■ **Work instruction**
Skip all pictures, then copy the lines from the start of the data through the line with "한국사능력검정시험 홈페이지를 참고하였습니다.", keeping both ends.

■ ■ ■ ■ ■

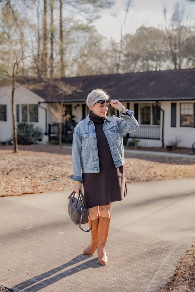 When you want to look put-together with minimal effort, reach for a sweater dress. Pair it with tights and knee-high boots, and you’re ready for anything — from lunch to travel days. Choose ribbed or cable-knit styles for texture and warmth.
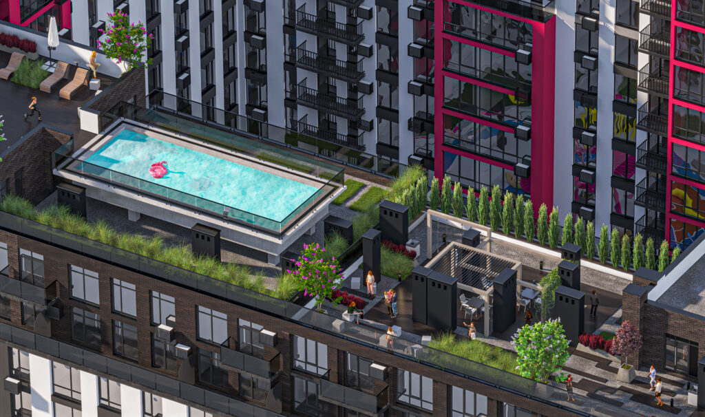 Це перший ЖК у місті, в якому передбачені басейни на даху будинків. Мешканці зможуть релаксувати після робочого дня, насолоджуючись відпочинком під відкритим небом із краєвидами на місто, просто піднявшись ліфтом зі свого поверху на дах.
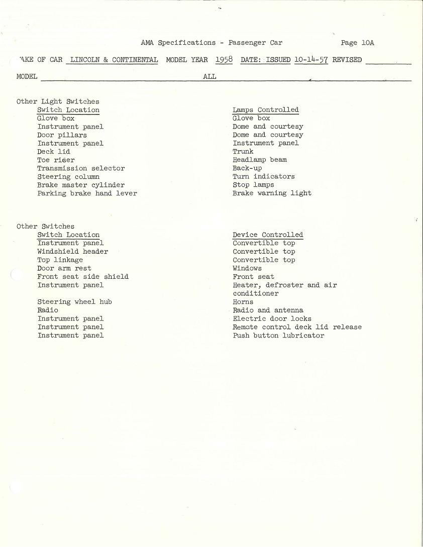 1958 Lincoln & Continental AMA Specifications (10-14-57)
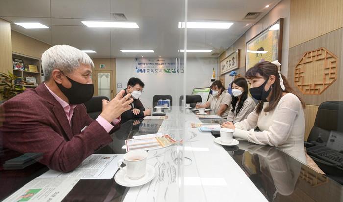 경기 오산시가 25일 오산대학교 평생교육원과 공무원 교육훈련의 질 제고와 인프라 확대를 위한 관·학 협력 협약을 체결했다. 협약에 따라 두 기관은 오산시 소속 공무원의 위탁교육 과정 협력 등을 협력하기로 합의했다. 사진은 곽상욱 시장(왼쪽)과 관계자들이 협약식에서 대화를 나누고 있는 모습. (사진제공=오산시청)
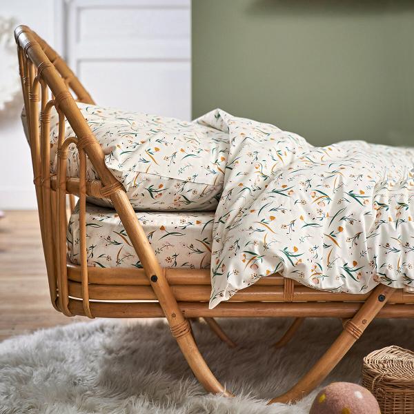 Drap-housse coton biologique, Miria Imprimé fleurs 140x190 cm
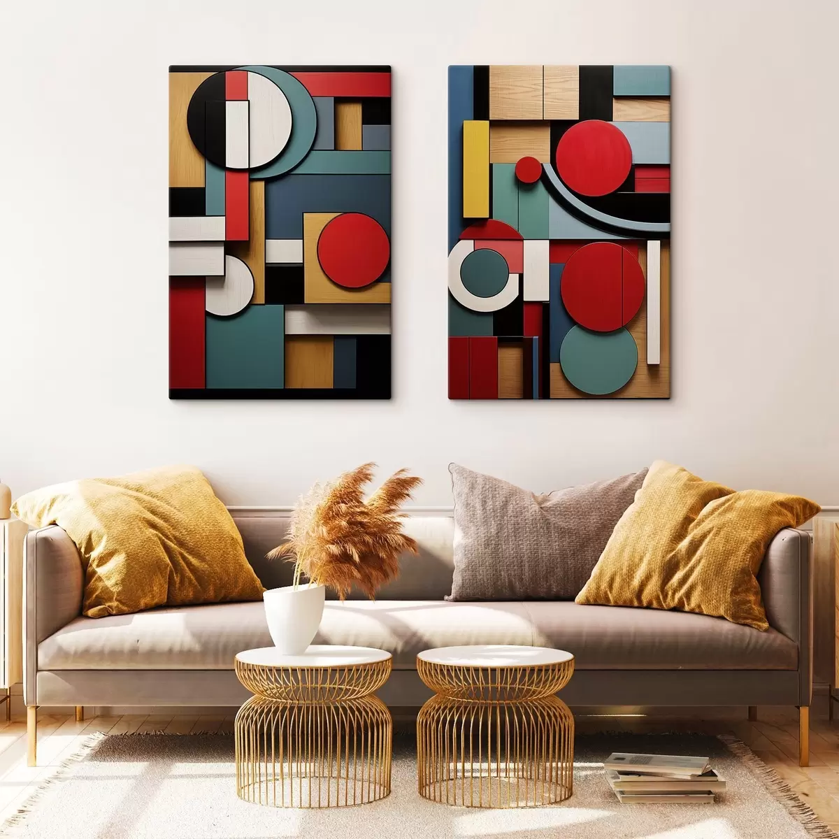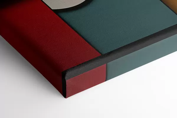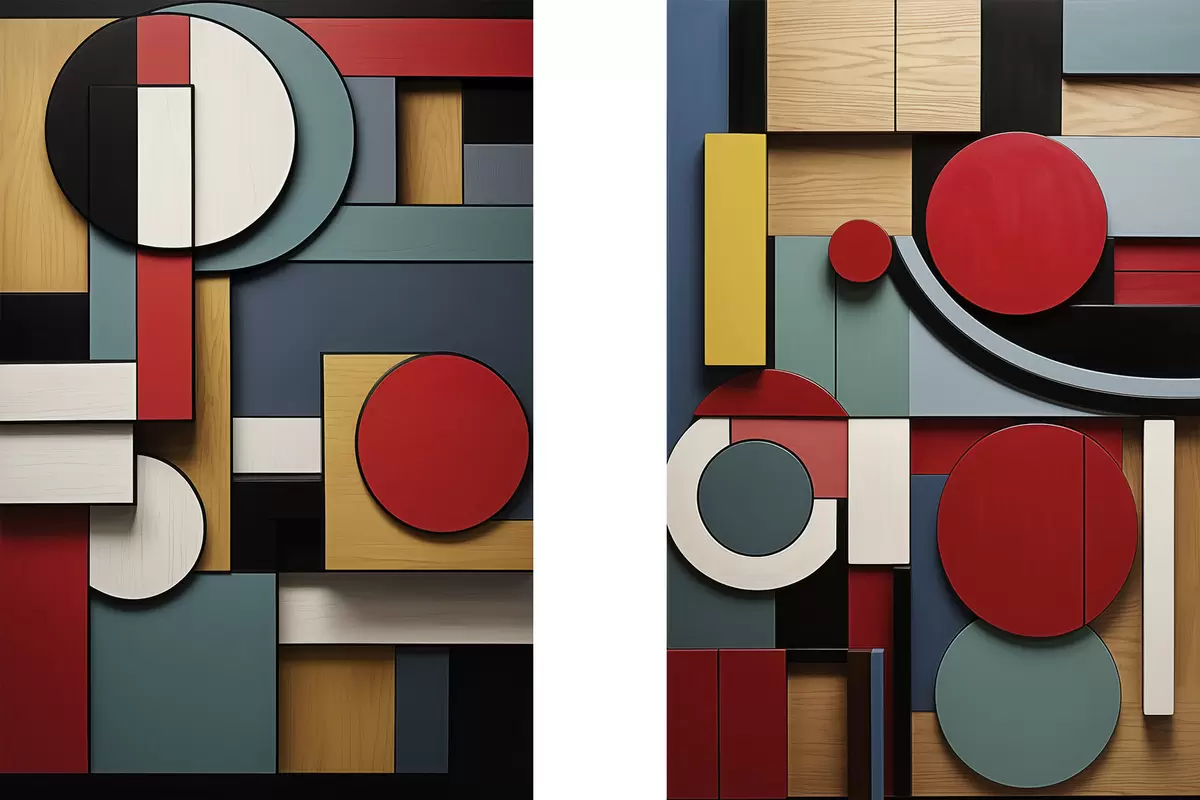 Vászonkép Absztrakt geometrikus kompozíció fa textúra utánzattal, piros, fekete, fehér és türkizkék téglalapokkal és körökkel Nr m30058
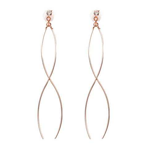 緩やかにカーブしたS字メタルラインを交差させたイヤリング/ピアス。
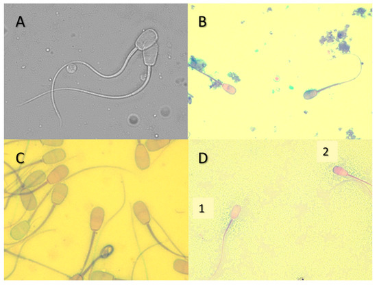 Spermatozoa from M. americana. (A) Spermatozoa in phase contrast to evaluate sperm morphology, (B–D) spermatozoa with simple acrosome dye to analyze their integrity, (D1) injured acrosome, and (D2) intact acrosome.
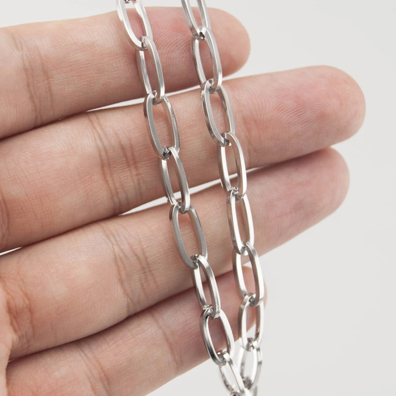 Цепочка Из Нержавеющей Стали для ювелирных изделий, длинная овальная цепочка с О-образным звеном, золотое ожерелье по метру, Cadenas Por Metros, без зажимов
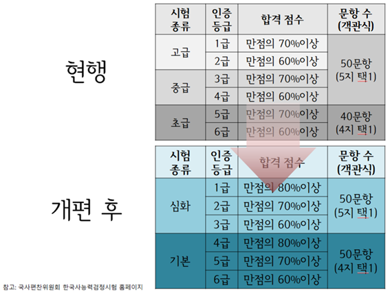 ※위와 같은 개편 관련 내용은 국사편찬위원회 한국사능력검정시험 홈페이지를 참고하였습니다.
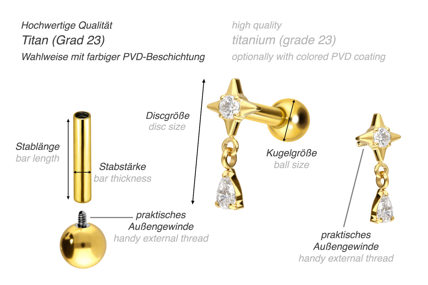 This stunningly beautiful ear piercing is made of high quality titanium, which is also known for material properties such as particularly good skin compatibility and high durability. Another of its advantages is color fastness, also guaranteed in the colored versions with PVD coating. Thanks to the appealing design, consisting of a timelessly beautiful screw-in attachment with external thread in form of a star, to which a sparkling crystal drop is attached, the piece of jewelry acquires a unique charm. The ear piercing has a bar thickness of 1.2 mm and a bar length of either 6 or 8 mm. Furthermore, both the attachment as well as the rear 3 mm ball through their 0.9 mm internal thread can be exchanged at will with all of our other screw-in attachments with this kind of external thread.
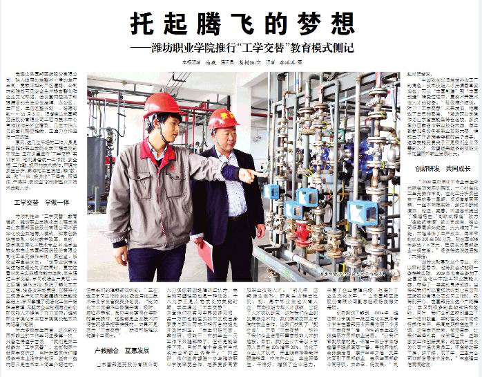 为顺利推进“工学交替”教育模式,天行体育官方网站化学工程天行体育官方网站与山东国邦医药股份有限公司不断深化校企共培育人模式,探索创新课程体系,深化教学改革,目前,该天行体育官方网站应用化工技术专业40名同学被安排在山东国邦医药股份有限公司化工单元操作车间、实验室、质检室等重要岗位。“该专业课程在阐述相关理论知识的同时,更加注重对学生实践操作能力培养,学生通过工学交替,学习现场生产流程、工艺原理、操作方法,系统了解化工工艺过程、设备及职场氛围,在获得化工现场生产知识和掌握操作技能的基础上,学习掌握了现场化工生产组织与管理,无疑为企业挖掘潜在的创新技能人才提供了有力支持。”天行体育官方网站化学工程天行体育官方网站院长赵东风向记者介绍说。

■ ■ ■ ■ ■

■ **Response area**
 When you want to look put-together with minimal effort, reach for a sweater dress. Pair it with tights and knee-high boots, and you’re ready for anything — from lunch to travel days. Choose ribbed or cable-knit styles for texture and warmth.
 Це перший ЖК у місті, в якому передбачені басейни на даху будинків. Мешканці зможуть релаксувати після робочого дня, насолоджуючись відпочинком під відкритим небом із краєвидами на місто, просто піднявшись ліфтом зі свого поверху на дах.
 1958 Lincoln & Continental AMA Specifications (10-14-57)
 경기 오산시가 25일 오산대학교 평생교육원과 공무원 교육훈련의 질 제고와 인프라 확대를 위한 관·학 협력 협약을 체결했다. 협약에 따라 두 기관은 오산시 소속 공무원의 위탁교육 과정 협력 등을 협력하기로 합의했다. 사진은 곽상욱 시장(왼쪽)과 관계자들이 협약식에서 대화를 나누고 있는 모습. (사진제공=오산시청)
 Drap-housse coton biologique, Miria Imprimé fleurs 140x190 cm
 Vászonkép Absztrakt geometrikus kompozíció fa textúra utánzattal, piros, fekete, fehér és türkizkék téglalapokkal és körökkel Nr m30058
 緩やかにカーブしたS字メタルラインを交差させたイヤリング/ピアス。
 Spermatozoa from M. americana. (A) Spermatozoa in phase contrast to evaluate sperm morphology, (B–D) spermatozoa with simple acrosome dye to analyze their integrity, (D1) injured acrosome, and (D2) intact acrosome.
 Цепочка Из Нержавеющей Стали для ювелирных изделий, длинная овальная цепочка с О-образным звеном, золотое ожерелье по метру, Cadenas Por Metros, без зажимов
 ※위와 같은 개편 관련 내용은 국사편찬위원회 한국사능력검정시험 홈페이지를 참고하였습니다.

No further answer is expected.